Cellular homeostasis is maintained through a vast array of cellular signaling networks that act in concert to elicit coordinated responses in response to internal/external cues. Dysregulation of the network forms the etiological basis for most, if not all, of the diseases. Therefore, identifying the aberrant signaling nodes and the causative factors could serve as potential therapeutic targets.
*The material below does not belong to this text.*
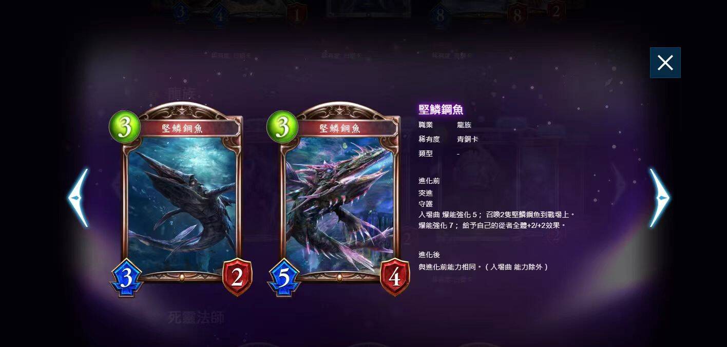 入场曲 爆能强化5;召唤2个坚鳞钢鱼到战场上。

A greater part of our current therapeutic strategies rely on the data arising from mere 2% of the genome, which codes for the proteins. Recent studies, as discussed here, have shown that the non-coding RNAs, especially the lncRNAs, play cardinal roles in the genesis and progression of multifactorial human diseases. Each of the human diseases are complex with respect to the interconnected network of signaling pathways and their crosstalks. LncRNAs mediate the crosstalk between these diverse signaling cascades with their diverse interactome including proteins, RNAs and lipids. Aberrant expression or asynchronous signaling by lncRNAs and their interactome contribute not only to the pathogenesis and progression of diseases, but also to therapy resistance. Furthermore, similar to the SNPs (single nuclear polymorphisms) in coding regions of the genome, mutations in lncRNAs are also being unraveled to contribute to disease risks in humans. The systematic investigation of lncRNA profiles in diverse human disease types would pioneer the efforts in developing lncRNA-based disease biomarkers as well as therapeutic targets. However, extensive in vitro and in vivo experimental validations are required for definitive conclusions on the regulatory as well as biological roles of lncRNAs and the effects of targeting the critical lncRNAs for therapy. Unraveling the diverse lncRNA-based therapeutic strategies would undoubtedly shed light on the existing complexities of several targeted therapeutics that so far have been unsuccessful in suppressing the disease or even in combating the multifaceted therapeutic resistance. Considering the multitudes of genetic and epigenetic events regulated by lncRNAs, development of a personalized therapeutic approach can be refined by investigating the therapeutic targeting lncRNAs alone or in combination with other targeted therapeutic agents.